The first figure stands out from the background and the secondary attributes: a cube, clothes, and crown. By contrast, the book of Aesop’s Fables is kept, albeit in a less battered state and with a hand-written title. The figure is given a chain watch, an allusion to time, which structures music, and the inevitable repetition of cycles, and history in general, in the expected terms. In fact, time is the factor that gives rise to the literary genre encompassing fables.

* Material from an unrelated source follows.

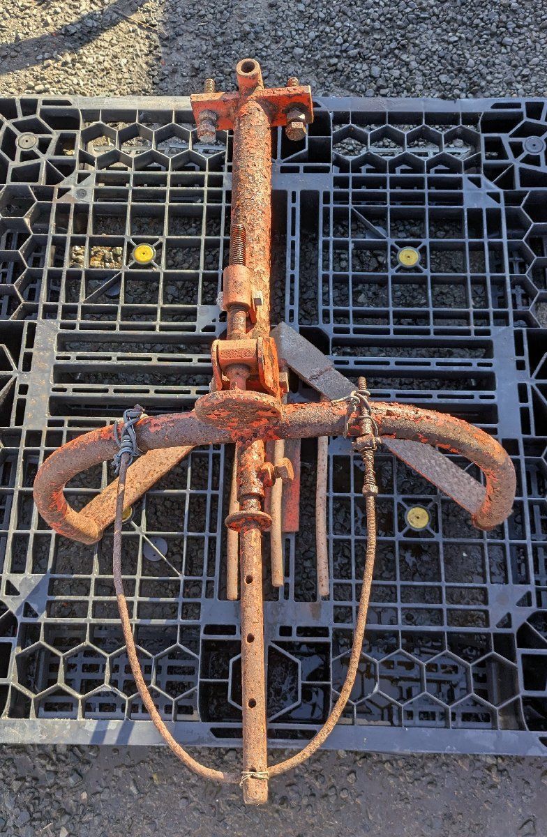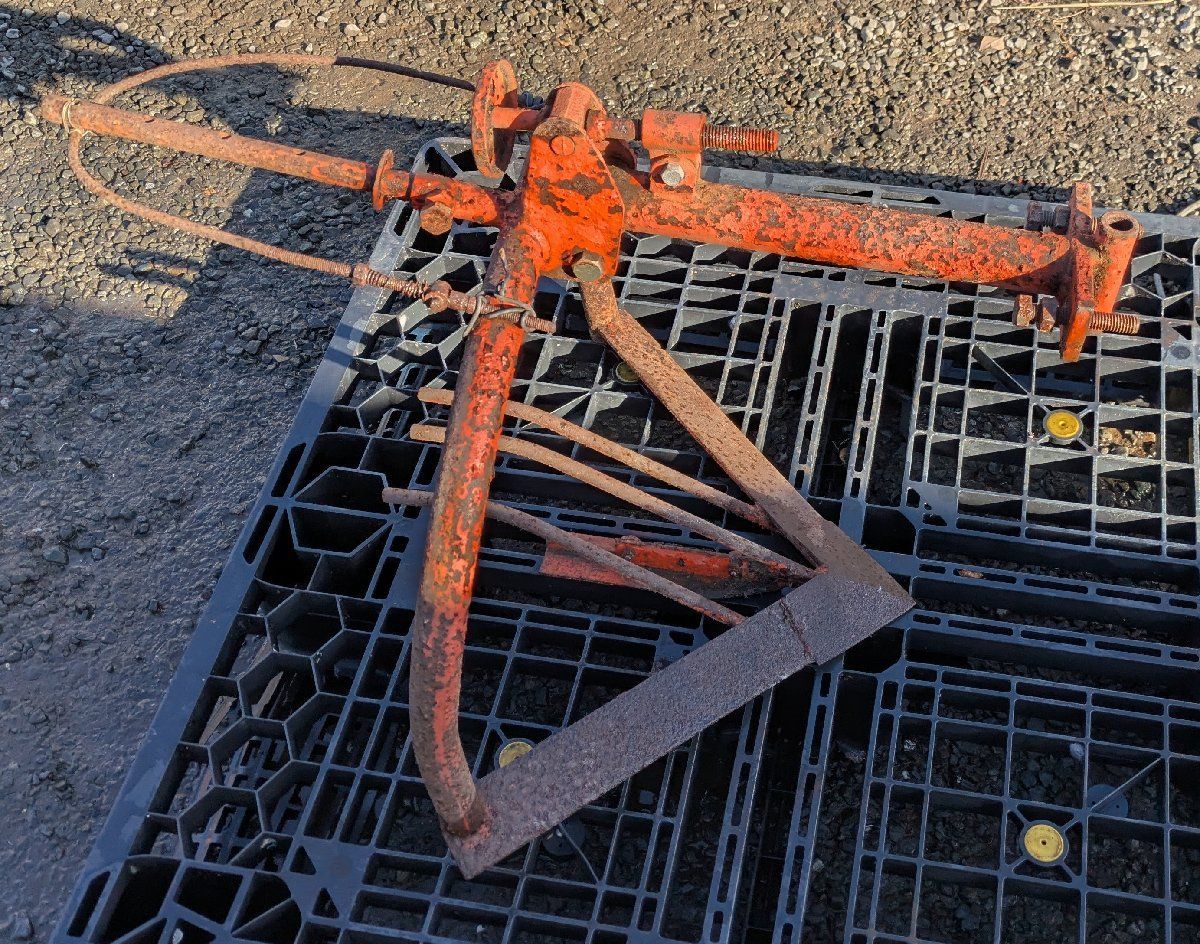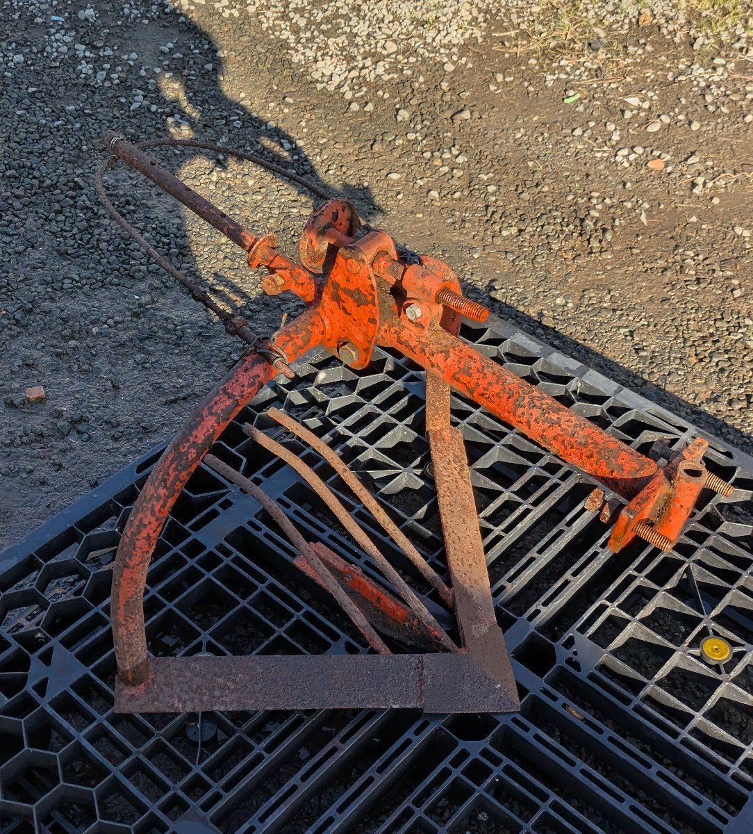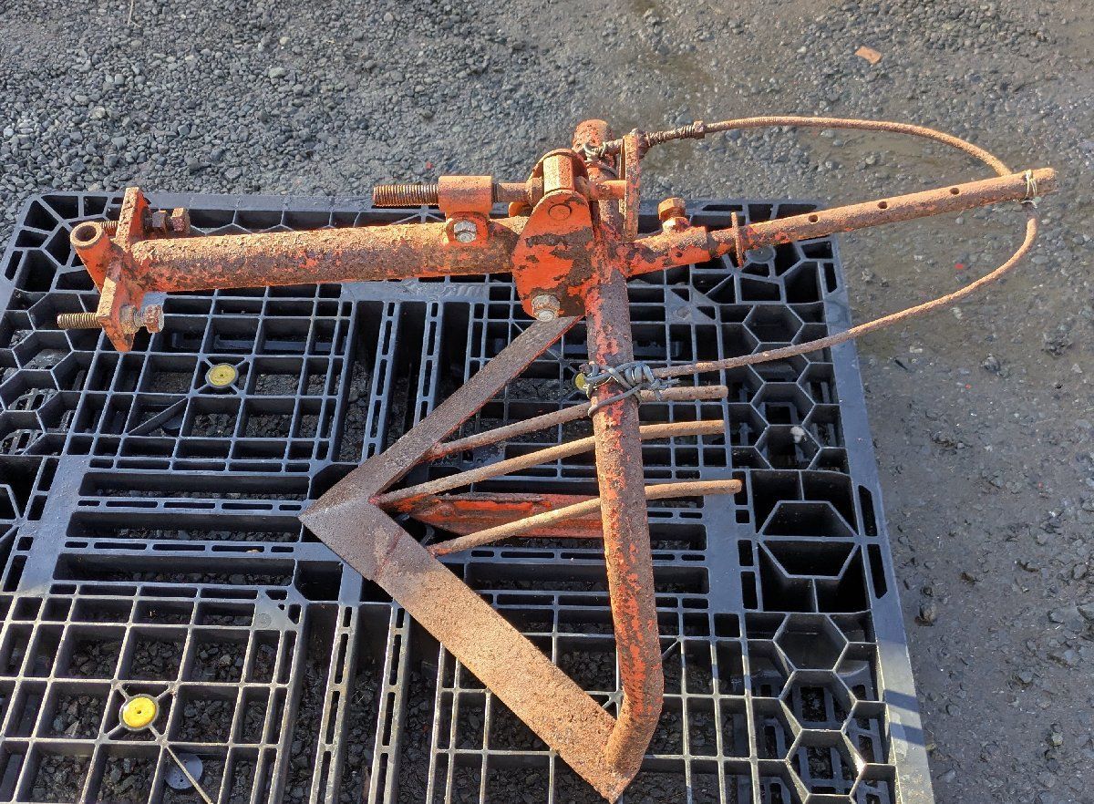 ●耕うん機用 芋堀機 です 。写真のように前の方が補強して使っていた部品はそのままにしてますので活かせる方はお使いください。

In the fable of the musician dogs, Aesop explains that “some dogs, which are a shameless and interfering race, learnt to make music and kept at it until they became men, who continue singing to this day”. The title of Picasso’s picture makes it clear that the dog hiding behind the legs of the three characters is not a musician but, under an ironic consideration, may well become one. Be that as it may, the Greek fabulist seeks this or another musician to add sound to his texts. The dog is even more invisible in the cropping made by the framing, justifying the need to find him.
Nevertheless, going beyond literal interpretations, this piece offers a reflection on pictorial styles. The most figurative realism and the most media-popularised Pop Art affect, as happens with the rest, the articulation of the message. The trompes l’oeil and the dislocation of meaning that the artist conceives are at the core of the interpretation he wants to obtain from the viewer.As Romá de la Calle brilliantly notes, Antoni Miró brings “morphological elements” but “hides the keys to the syntax used to compositionally structure and link those elements”. That is why, in Prof. de la Calle’s view, the work puts “the viewers’ hermeneutic skills to test so, from this combination of elements, they can freely execute their own interpretative options”.